Through so many iterations, we have had none that have made any sense. Perhaps it began in 1974 with the Federal Health Planning Act, when government got into health planning in a way that made business decisions in health care decisions to be made not in the free market but instead through regulation. The mastermind of Richard Nixon dwells here. The same man who brought you the last price controls was often against the free market when it came to remedies for competition.
Of the most extreme facts, the one that is the most telling is that we spend so much on health care and get so little. Why? Because unlike any other system in the world, our system is a failure of the free market and a failure of government control. As if some hodgepodge worthy of The Fifth Element, we seem to think that if we get the stones together in some decent way, we will get what we want. Instead, we get a pathetic mess unworthy of any system in the world.
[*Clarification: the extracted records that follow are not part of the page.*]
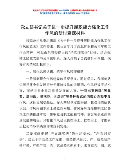 / 党支部书记关于进一步提升履职能力强化工作作风的研讨查摆材料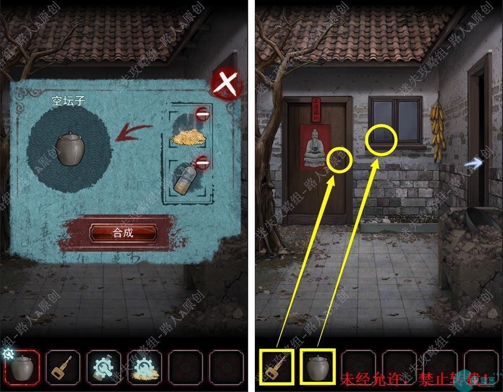 8、組成道具【空壇子】、【玉米粒】、【酵母】,將【玉米酒壇子】放進陽台,用【鎖匙】開門。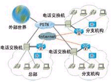 目前,大多數大型企業(yè)與分支機構的電話和計算機網絡是相互獨立的,分處各地的辦公機構建有局域網,局域網之間通過Internet或企業(yè)專網互連,企業(yè)的數據業(yè)務通過計算機網絡傳輸。而各辦公機構的電話網則采用傳統(tǒng)的電話交換機或集團電話,內部員工之間相互是分機撥號,電話交換機接入電信電話公網,與外部的語音交流需要通過本地電話網或長途電話網。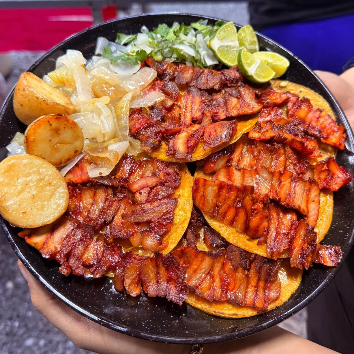 5 tacos de pastor con tortilla de maíz o harina, acompañada de cebolla dorada con papa galeana, cebolla fresca cilantro limón y salsa (verde, roja).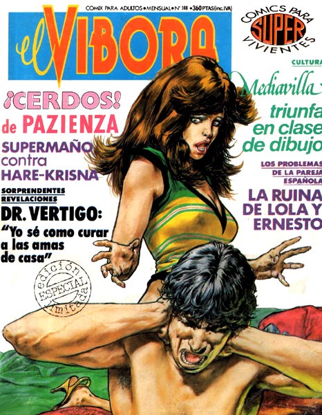 Revista de historietas grapada con número de páginas interiores variable en blanco y negro y color más cubiertas. Colección de 277 volúmenes que alcanzó los 300 números ya que 23 tenían doble numeración, además de 28 números especiales fuera de numeración.El Víbora nació en 1979 gracias al editor Jo...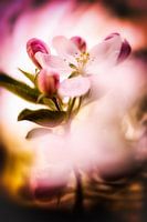 Het magische moment waarop de krachtige, verwarmende lentezon rond de pas geopende appelbloesem danst. Macro fotografie.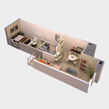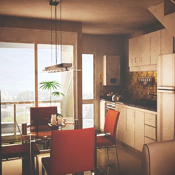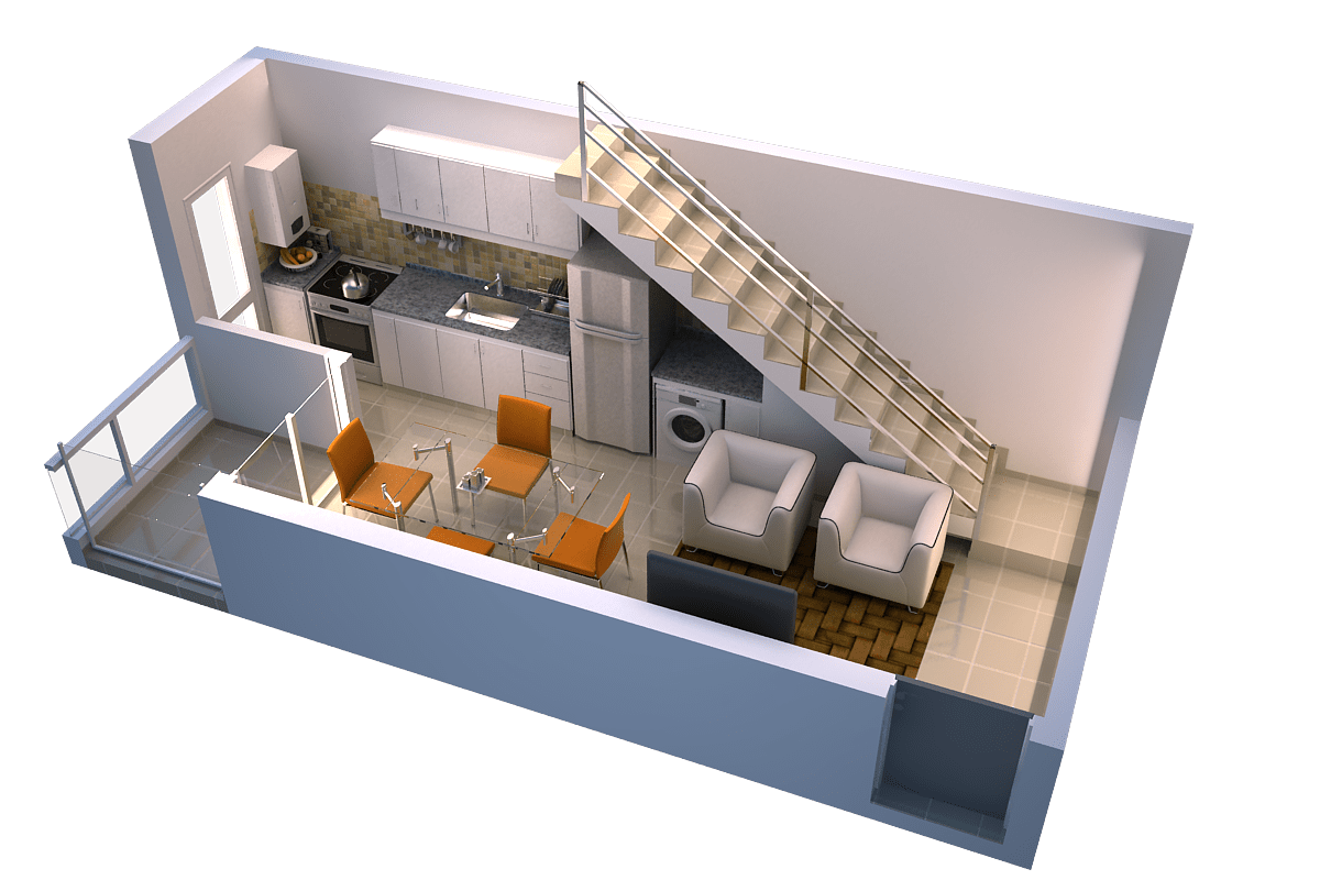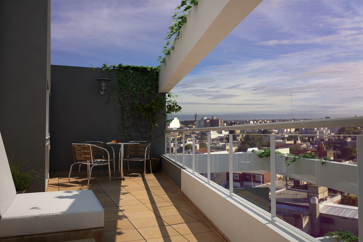 | Amplios departamentos con patios, balcones y terrazas con cielorraso de madera |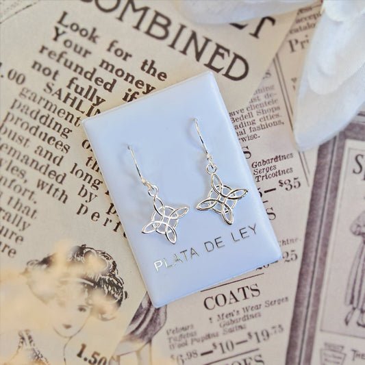 Pendientes Largos de Nudo de Bruja en Plata de Ley 925
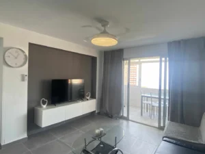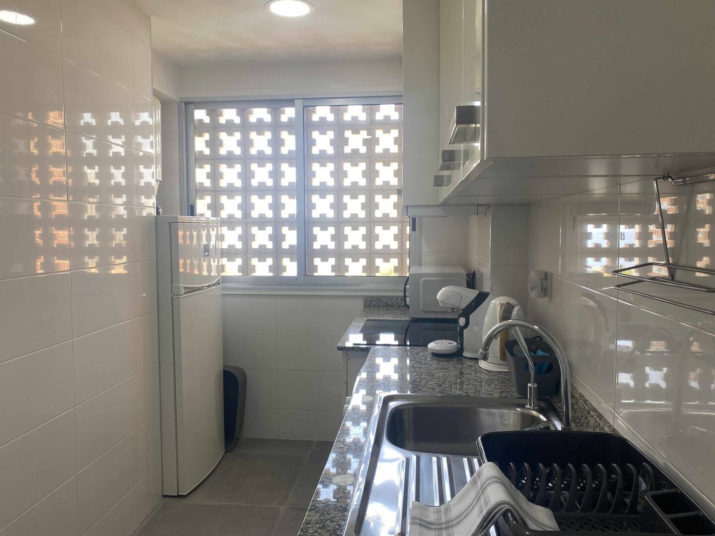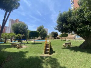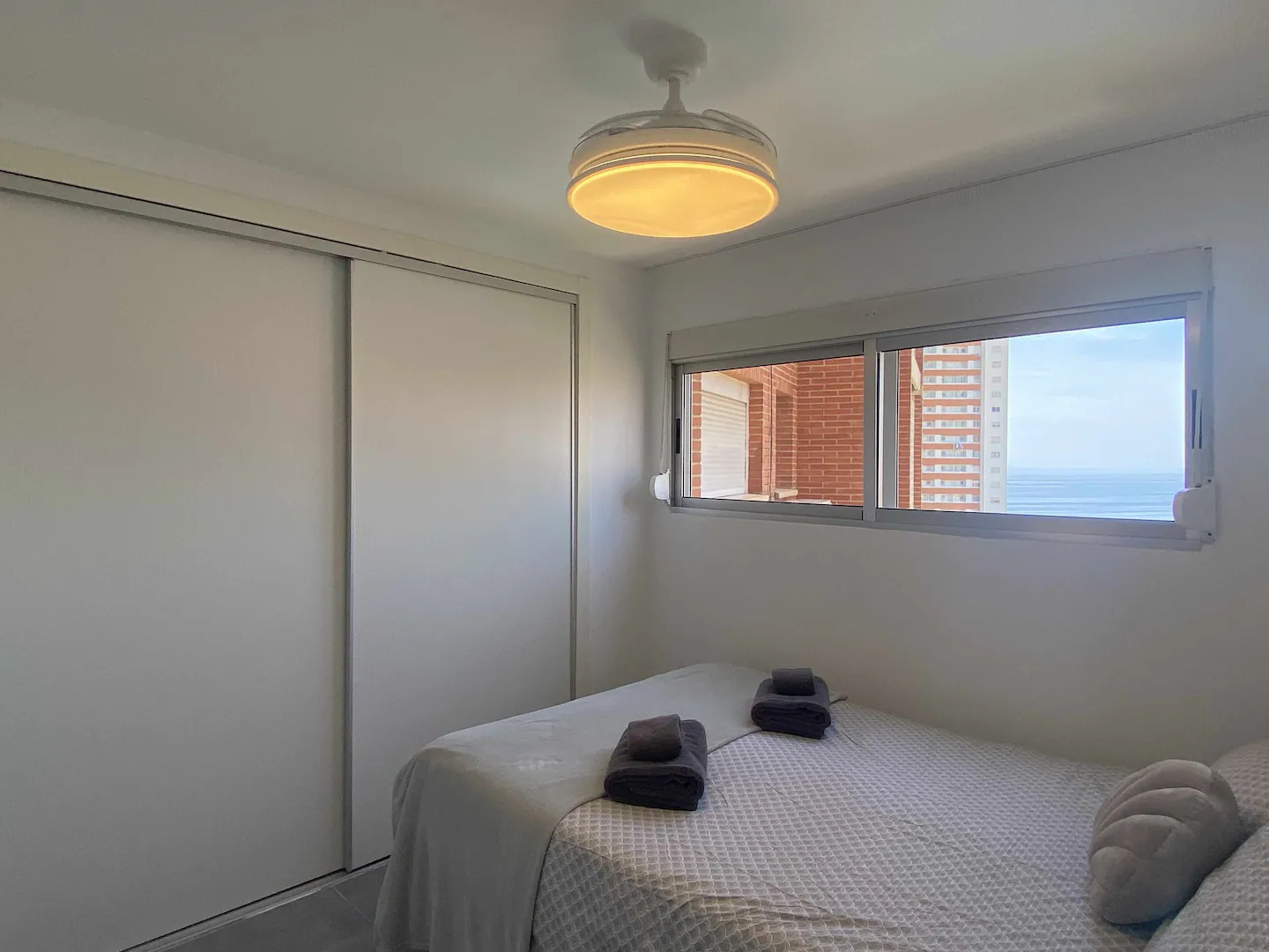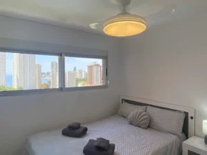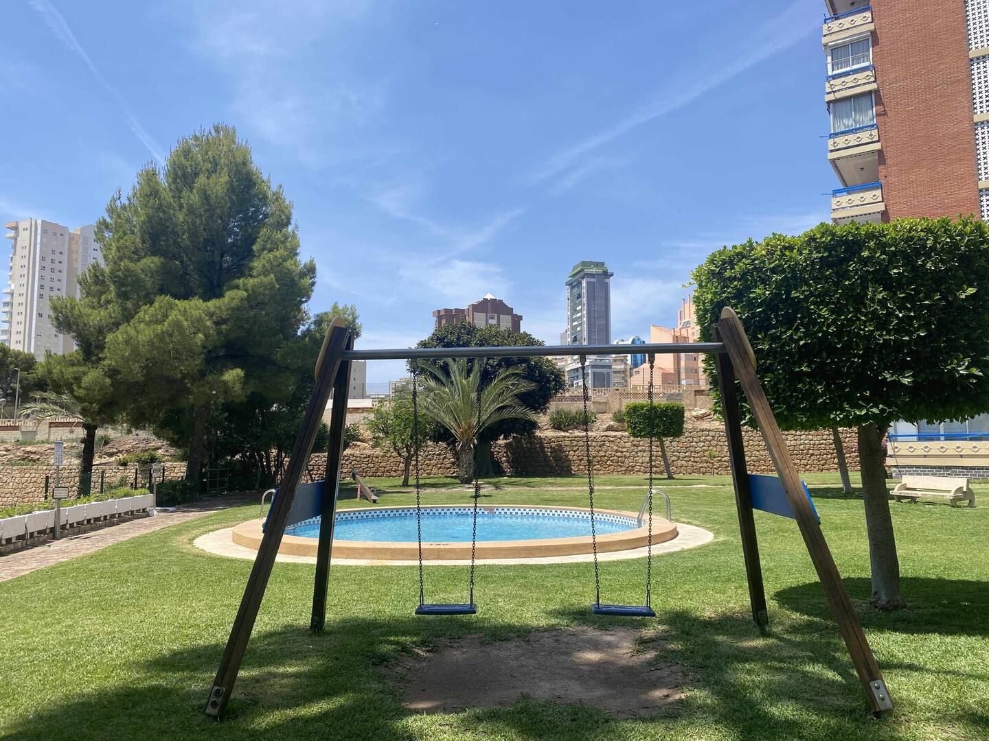 Virkilega falleg íbúð til orlofsleigu á Benidorm. Íbúðin samanstendur af 1 svefnherbergi, 1 baðherbergi, eldhúsi og stofu/borðstofu. Úr stofunni er útgengt á góðar svalir með virkilega góðu útsýni yfir sameiginlegan sundlaugagarð. Íbúðin er á 8.hæð. Húsið er staðsett í góðum lokuðum kjarna með stórum garði þar sem íbúar hafa aðgang að sundlaug, leiksvæði fyrir börnin og tennisvelli. Innan kjarnans er einnig lítill bar þar sem hægt er að fá sér kaffibolla eða kæla sig niður með drykk. Loftkæling er í svefnherbergi en viftur í loftum í öðrum rýmum.

Republicans fight against universal care as if it is some problem. It is a solution that must be implemented. Not the many claims against health care handled in an over a thousand page bill most of Congress had not even read. But something that really makes sense.
It will change our system forever. But there seems no way out. We have two sensible choices.
The first is to leave the free market open to work, with payments made in that system when those of us who cannot afford health care have no other alternative. A form of payments that really will not divorce the government apart from the system involved, but will allow the market price to dictate what is done.
The other is to say that we have had enough, and the cost should be borne by the government.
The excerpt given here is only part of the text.